- _Work item_
Transcribe the data exactly, pictures excluded.

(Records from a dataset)
········

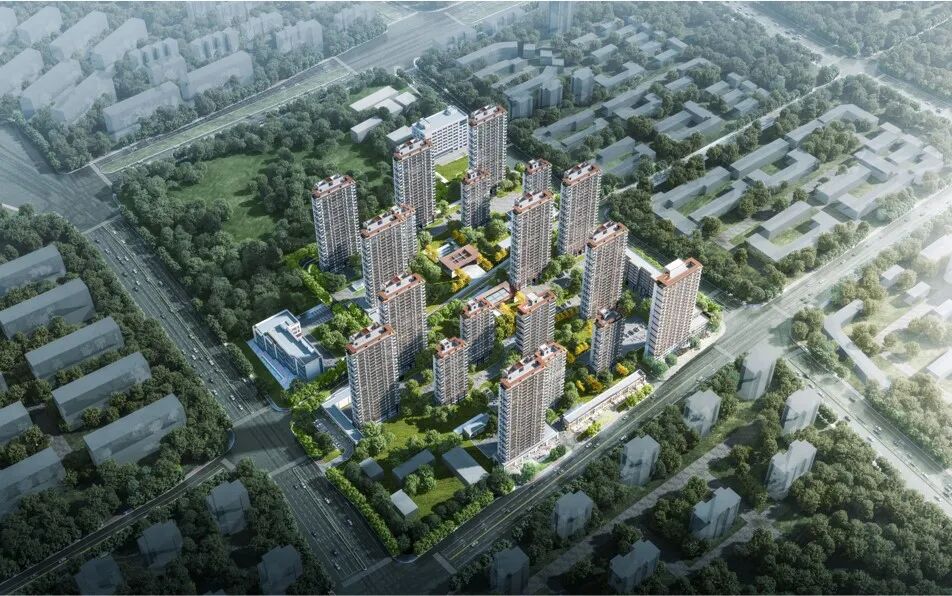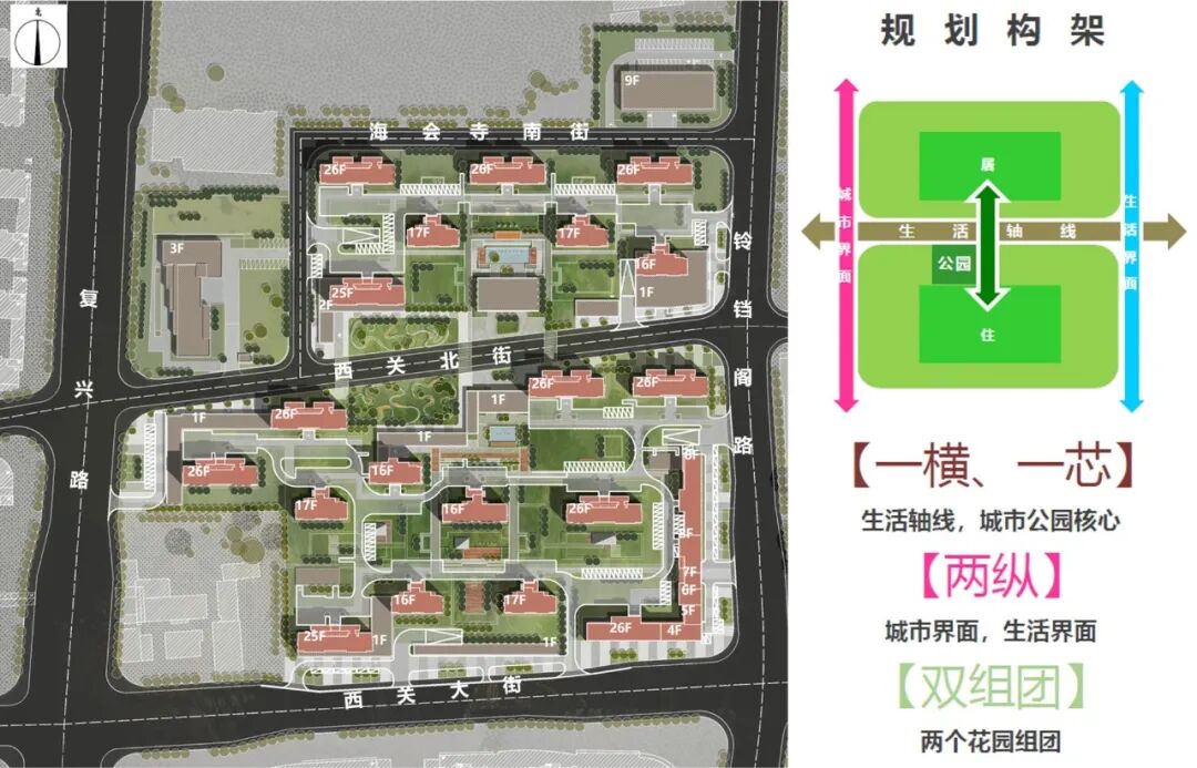在老城腹地空间边界模糊、用地条件较为复杂的条件下,怎样利用有限的资源,多地块整体规划考量,在延续在地文脉、保证老城烟火活力,极力避免新建社区与老城厢周边形成一种割裂感的同时,使云麓公馆成为脱颖而出的高品质居住社区,是在规划设计时重点探索的方向。 通过多轮方案的对比,充分分析地块优势及价值点,最终确定以“城市公园”作为设计策略的核心,依托城市道路和公园绿地,规划“一轴”&“两园”&“四芯”,的布局,强化“公园”的资源辐射,营造出则显,入则藏的缦系隐奢社区。 商业及服务配套布置于住宅地块之间的西关北街及复兴路一侧,巧借地块间现状道路,打造“生活休闲轴”,多功能商业街激活生活氛围,保证老城新社区应有的烟火繁华。 ▲整体鸟瞰
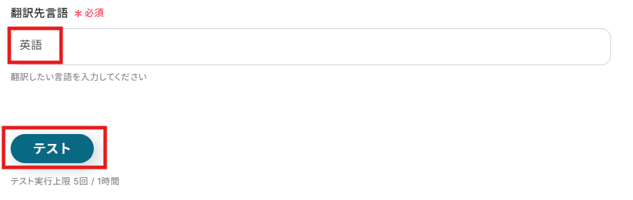 5.翻訳先言語を「英語」に設定し、「テスト」を実行してください。
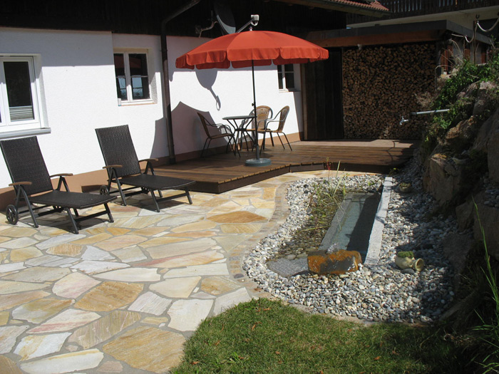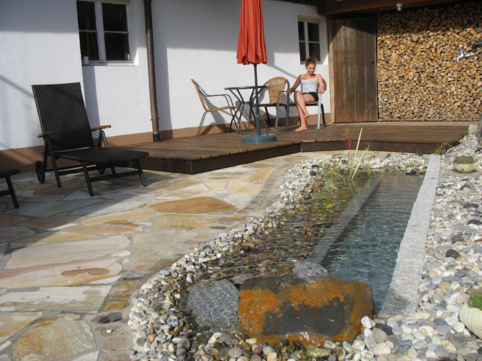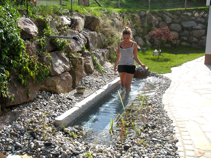 Unser „Quellengarten der Ruhe“ ist für unsere Gäste zum Ausruhen da. Hier können Sie ein erfrischendes Fußbad im neuerstellten Kneippbecken genießen und der sprudelnden Quelle lauschen.
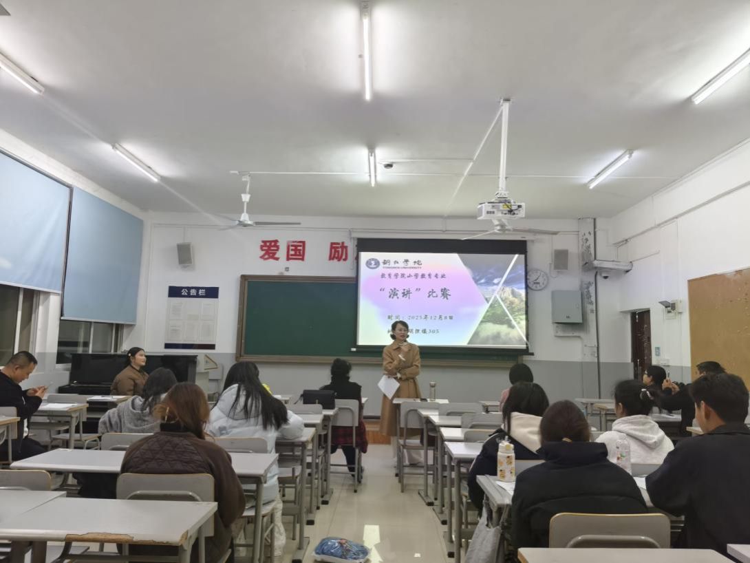 每位参赛选手都做足了功课,以饱满的热情、自信的姿态开启了自己的演讲展示。选手们的演讲各有亮点:2025级小学教育班杨光海以《孤舟一夜承清梦,巨轮万里拓长天》为题,将个人成长喻作“孤舟”,把教育理想比作“巨轮”,以诗意的表达与深刻的职业思考,赢得评委与观众的一致认可,最终斩获一等奖;2023级小学教育(1)班陈琳的《跨越时代的对话》、2024级小学教育(2)班符娟的《迷茫》凭借真挚的情感与清晰的立意荣获二等奖。
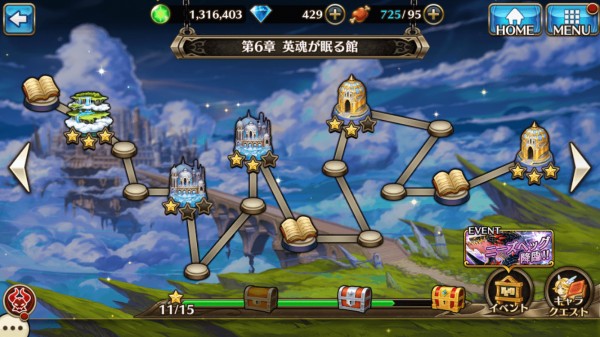 クエストをクリアすると、味方の戦闘不能キャラ数に応じて星がもらえる。この星を集めると、各章毎にダイヤが180個もらえるぞ。
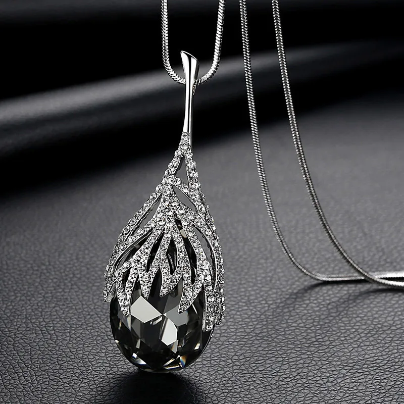 Женское длинное ожерелье с подвеской в виде большой капли воды
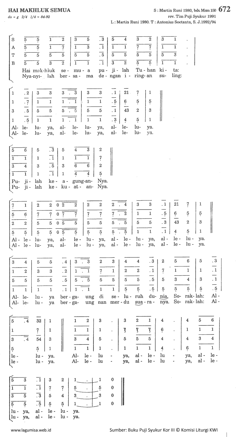 Lirik Chord Lagu Misa Teks Partitur SATB MP3 Koor Puji Syukur Paduan Suara Katolik |
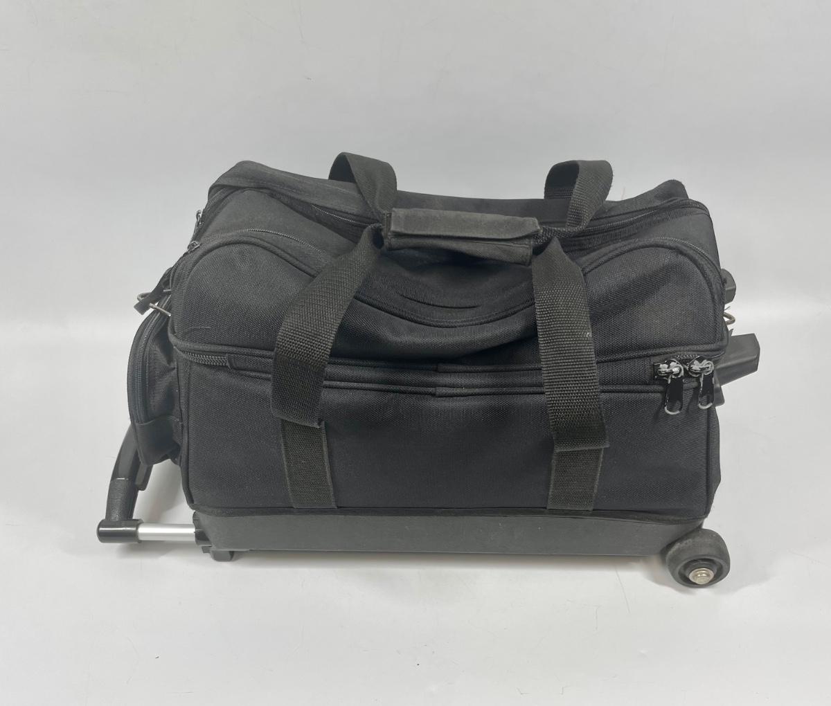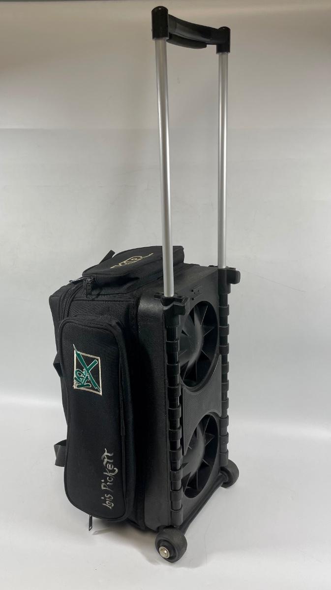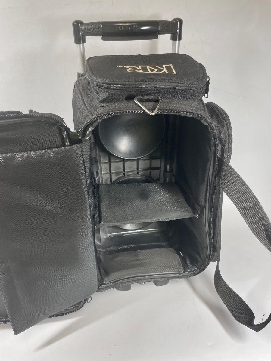 KRX 2-Ball Bowling Ball Bag. Made of ballistic nylon, has telescopic handle and roller wheels.
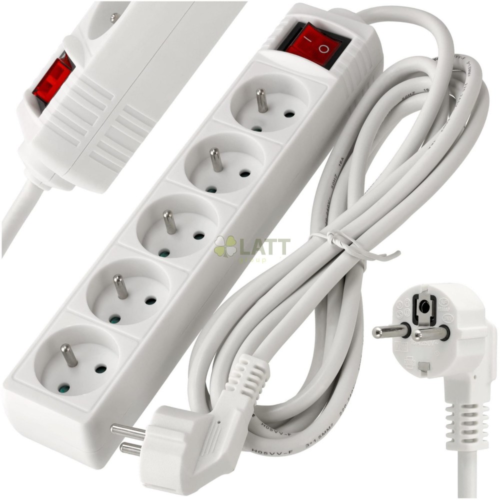 5 zásuvek: Díky 5 zásuvkám můžete připojit několik zařízení současně, díky čemuž je naše prodlužovací šňůra nenahraditelná doma, v kanceláři nebo v dílně.
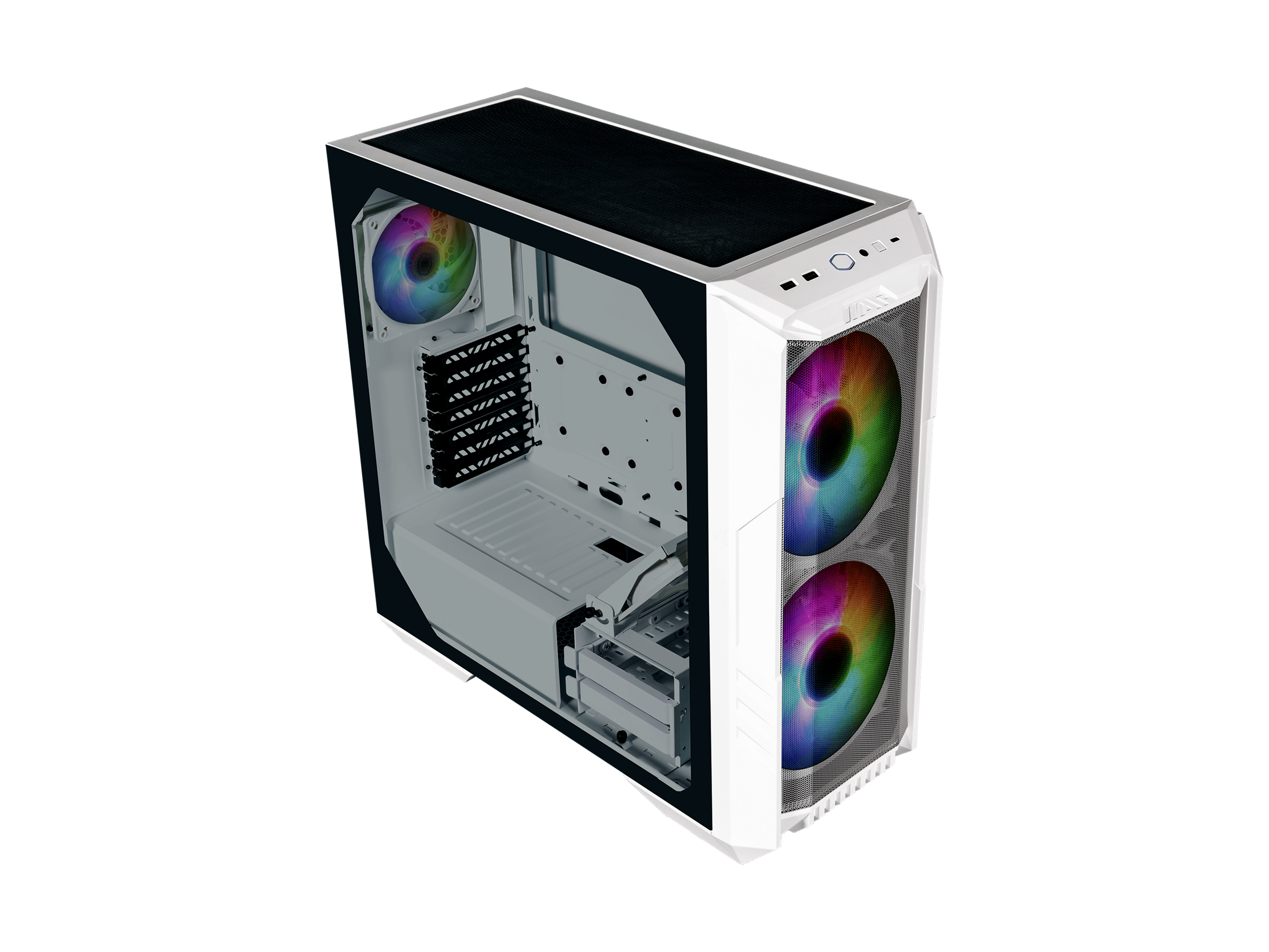 A Cooler Master klasszikus HAF sorozata visszatér a HAF 500-zal. A nagy légáramlásra és a csúcsteljesítményre épített HAF 500 ikonikus, 200 mm-es beszívó ARGB ventilátorokkal büszkélkedhet, amelyek páratlan szívó- és hűtési hatékonyságot biztosítanak. A ház egy külön GPU-ventilátorral rendelkezik, amely különféle GPU-hosszokhoz állítható. A tetején és az elülső panelen található bőséges hely a kettős 360 mm-es radiátorok számára, így a legfejlettebb vízhűtéses beállítások is helyet kapnak.
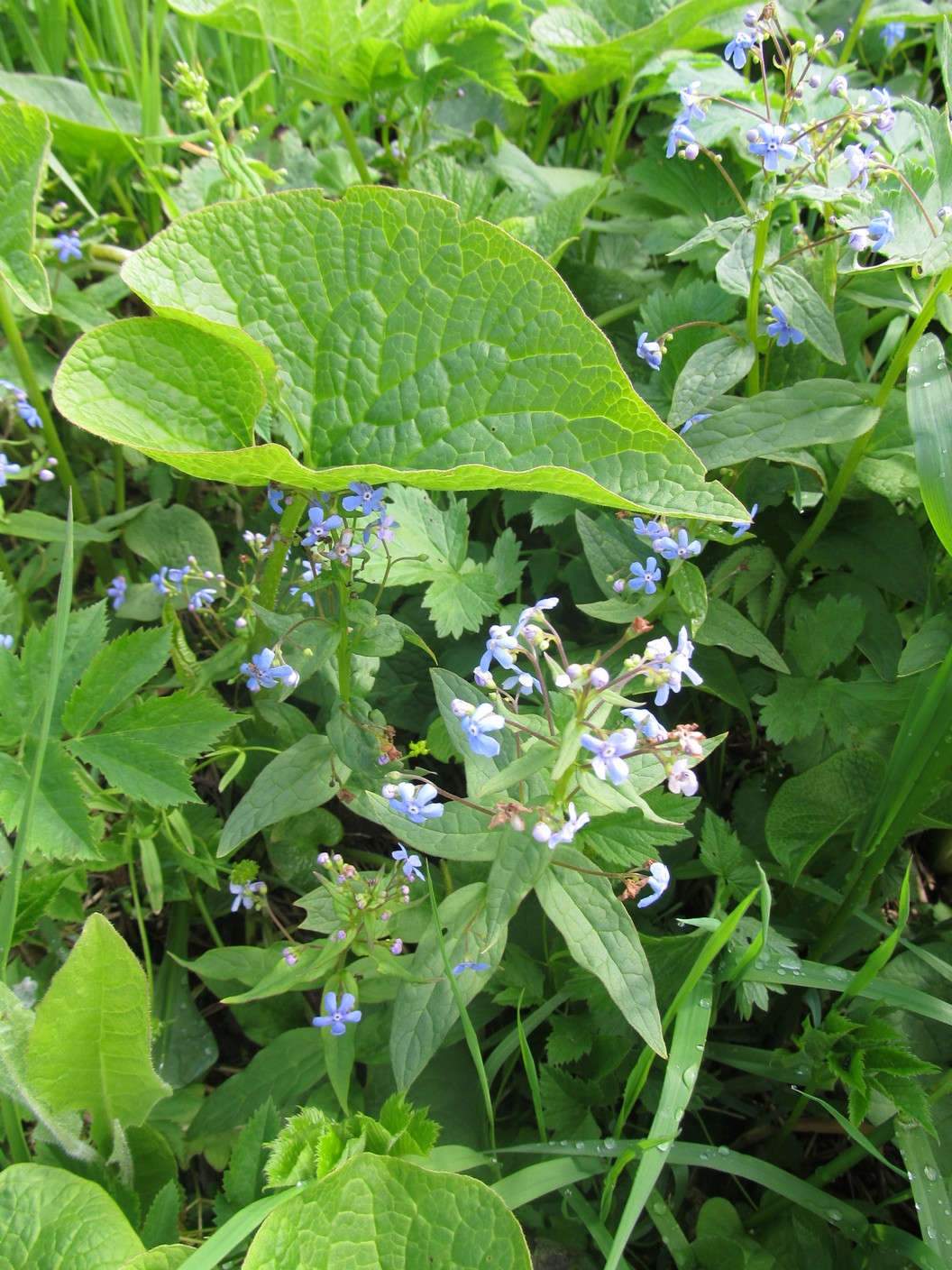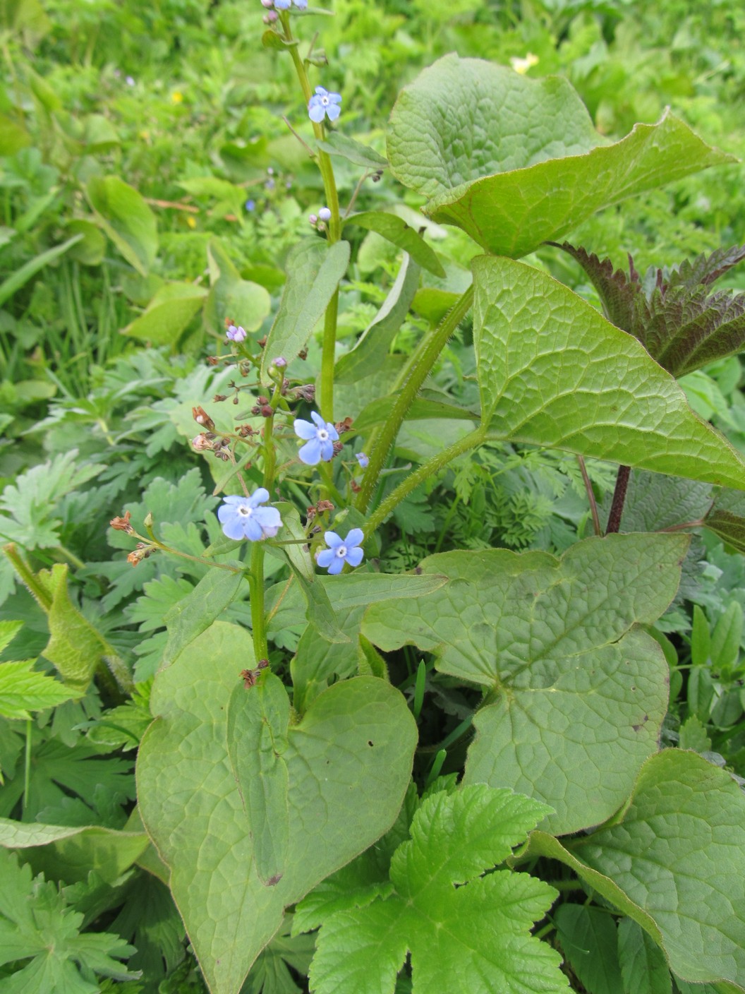 На кордоне Байгазан тоже произрастает бруннера сибирская (Brunnera sibirica). Это многолетнее растение рода семейства Бурачниковые (Boraginaceae). Бруннера – неприхотливое, зимостойкое растение, хорошо растёт в густой тени и на открытых местах. Вид внесён со статусом «редкие» в сводку - «Редкие и исчезающие растения Сибири», растение относится к Алтае-Саянским эндемикам(4).

········

- _Problem solution_
在老城腹地空间边界模糊、用地条件较为复杂的条件下,怎样利用有限的资源,多地块整体规划考量,在延续在地文脉、保证老城烟火活力,极力避免新建社区与老城厢周边形成一种割裂感的同时,使云麓公馆成为脱颖而出的高品质居住社区,是在规划设计时重点探索的方向。 通过多轮方案的对比,充分分析地块优势及价值点,最终确定以“城市公园”作为设计策略的核心,依托城市道路和公园绿地,规划“一轴”&“两园”&“四芯”,的布局,强化“公园”的资源辐射,营造出则显,入则藏的缦系隐奢社区。 商业及服务配套布置于住宅地块之间的西关北街及复兴路一侧,巧借地块间现状道路,打造“生活休闲轴”,多功能商业街激活生活氛围,保证老城新社区应有的烟火繁华。 ▲整体鸟瞰
 5.翻訳先言語を「英語」に設定し、「テスト」を実行してください。
 Unser „Quellengarten der Ruhe“ ist für unsere Gäste zum Ausruhen da. Hier können Sie ein erfrischendes Fußbad im neuerstellten Kneippbecken genießen und der sprudelnden Quelle lauschen.
 每位参赛选手都做足了功课,以饱满的热情、自信的姿态开启了自己的演讲展示。选手们的演讲各有亮点:2025级小学教育班杨光海以《孤舟一夜承清梦,巨轮万里拓长天》为题,将个人成长喻作“孤舟”,把教育理想比作“巨轮”,以诗意的表达与深刻的职业思考,赢得评委与观众的一致认可,最终斩获一等奖;2023级小学教育(1)班陈琳的《跨越时代的对话》、2024级小学教育(2)班符娟的《迷茫》凭借真挚的情感与清晰的立意荣获二等奖。
 クエストをクリアすると、味方の戦闘不能キャラ数に応じて星がもらえる。この星を集めると、各章毎にダイヤが180個もらえるぞ。
 Женское длинное ожерелье с подвеской в виде большой капли воды
 Lirik Chord Lagu Misa Teks Partitur SATB MP3 Koor Puji Syukur Paduan Suara Katolik |
 KRX 2-Ball Bowling Ball Bag. Made of ballistic nylon, has telescopic handle and roller wheels.
 5 zásuvek: Díky 5 zásuvkám můžete připojit několik zařízení současně, díky čemuž je naše prodlužovací šňůra nenahraditelná doma, v kanceláři nebo v dílně.
 A Cooler Master klasszikus HAF sorozata visszatér a HAF 500-zal. A nagy légáramlásra és a csúcsteljesítményre épített HAF 500 ikonikus, 200 mm-es beszívó ARGB ventilátorokkal büszkélkedhet, amelyek páratlan szívó- és hűtési hatékonyságot biztosítanak. A ház egy külön GPU-ventilátorral rendelkezik, amely különféle GPU-hosszokhoz állítható. A tetején és az elülső panelen található bőséges hely a kettős 360 mm-es radiátorok számára, így a legfejlettebb vízhűtéses beállítások is helyet kapnak.
 На кордоне Байгазан тоже произрастает бруннера сибирская (Brunnera sibirica). Это многолетнее растение рода семейства Бурачниковые (Boraginaceae). Бруннера – неприхотливое, зимостойкое растение, хорошо растёт в густой тени и на открытых местах. Вид внесён со статусом «редкие» в сводку - «Редкие и исчезающие растения Сибири», растение относится к Алтае-Саянским эндемикам(4).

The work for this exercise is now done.